About this exercise
Your copy of the listing should match it exactly, only without pictures.

Stored data
* * * * *

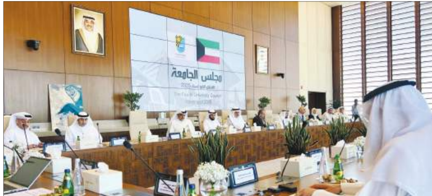
جانب آخر من الاجتماع
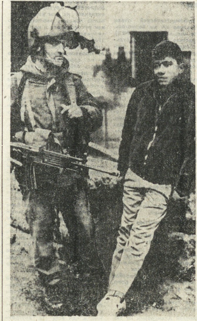
Ближний Восток. Тысячи арабов-палестинцев приняли участие в антиизраильских выступлениях в Наблусе, Рамаллах, Газе, в десятках других палестинских населенных пунктах.
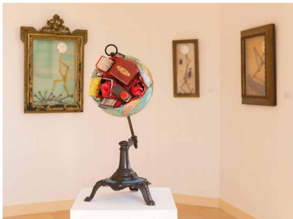
SOLUTRICINE, 2019 ASSEMBLAGE

* * * * *

Your solution
جانب آخر من الاجتماع
Ближний Восток. Тысячи арабов-палестинцев приняли участие в антиизраильских выступлениях в Наблусе, Рамаллах, Газе, в десятках других палестинских населенных пунктах.
SOLUTRICINE, 2019 ASSEMBLAGE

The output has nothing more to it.